● Exercise brief: Without including any images, reproduce each entry exactly.

:: Extracted information ::

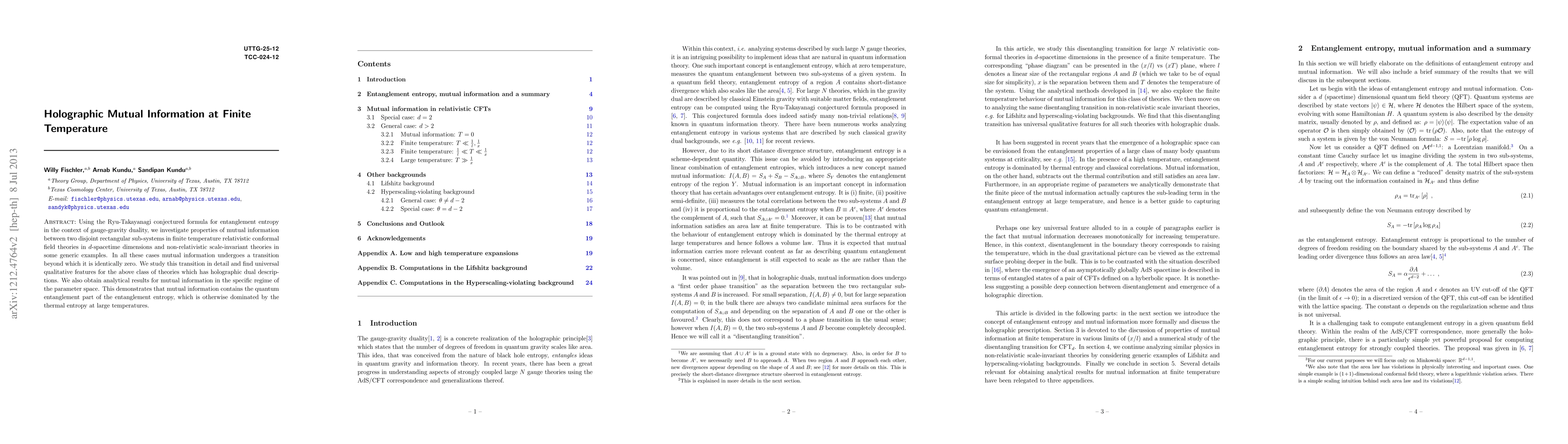 This paper explores mutual information in finite temperature relativistic and non-relativistic scale-invariant theories using the Ryu-Takayanagi conjecture and gauge-gravity duality. It finds a transition where mutual information becomes zero, revealing universal qualitative features in holographic dual theories and demonstrating that mutual information captures quantum entanglement beyond thermal entropy effects.
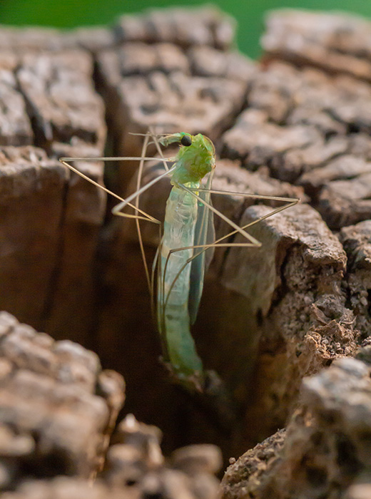 An adult crane fly emerges from its pupa in an old tree stump.
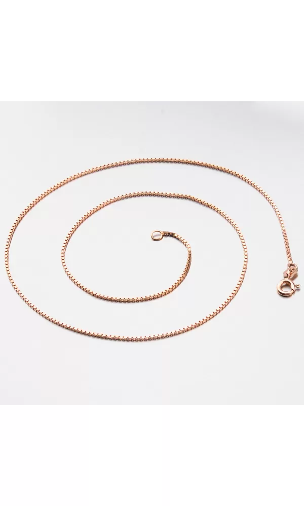 Růžovým zlatem pozlacený řetízek typu Venezia - kostičky je vyroben ze stříbrna ryzosti 925/1000 v lesklé povrchové úpravě se zapínáním na pérový kroužek.  Facety řetízku - lesklé plošky, jsou zhotoveny diamantovým nástrojem, který dodává vzniklým facetám maximální lesk, díky kterému dokonale odráží světlo a mají krásnou brilanci ze všech úhlů pohledu!
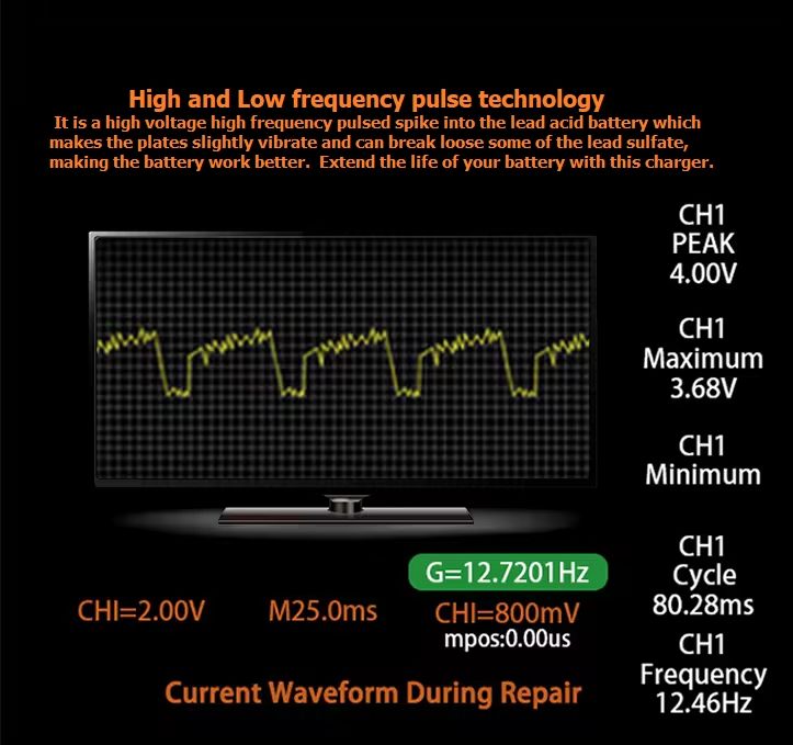 What it does is simply put high voltage high frequency spikes into the lead acid battery which makes the plates slightly vibrate which can break loose some of the lead sulfate which makes it work better.
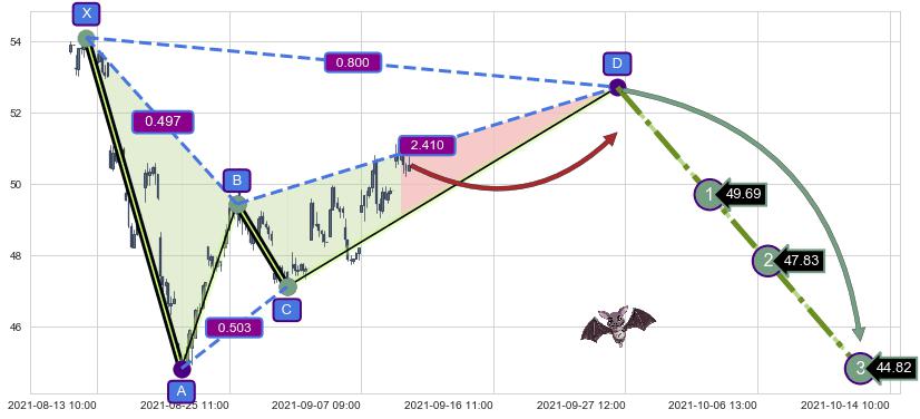➢ 谐波蝙蝠:b下跌接近c:猜想支撑性拉升 → 上涨 →【拐点】支撑临近 → 大趋势均值回复

:::

● Output for this exercise:
 This paper explores mutual information in finite temperature relativistic and non-relativistic scale-invariant theories using the Ryu-Takayanagi conjecture and gauge-gravity duality. It finds a transition where mutual information becomes zero, revealing universal qualitative features in holographic dual theories and demonstrating that mutual information captures quantum entanglement beyond thermal entropy effects.
 An adult crane fly emerges from its pupa in an old tree stump.
 Růžovým zlatem pozlacený řetízek typu Venezia - kostičky je vyroben ze stříbrna ryzosti 925/1000 v lesklé povrchové úpravě se zapínáním na pérový kroužek.  Facety řetízku - lesklé plošky, jsou zhotoveny diamantovým nástrojem, který dodává vzniklým facetám maximální lesk, díky kterému dokonale odráží světlo a mají krásnou brilanci ze všech úhlů pohledu!
 What it does is simply put high voltage high frequency spikes into the lead acid battery which makes the plates slightly vibrate which can break loose some of the lead sulfate which makes it work better.
➢ 谐波蝙蝠:b下跌接近c:猜想支撑性拉升 → 上涨 →【拐点】支撑临近 → 大趋势均值回复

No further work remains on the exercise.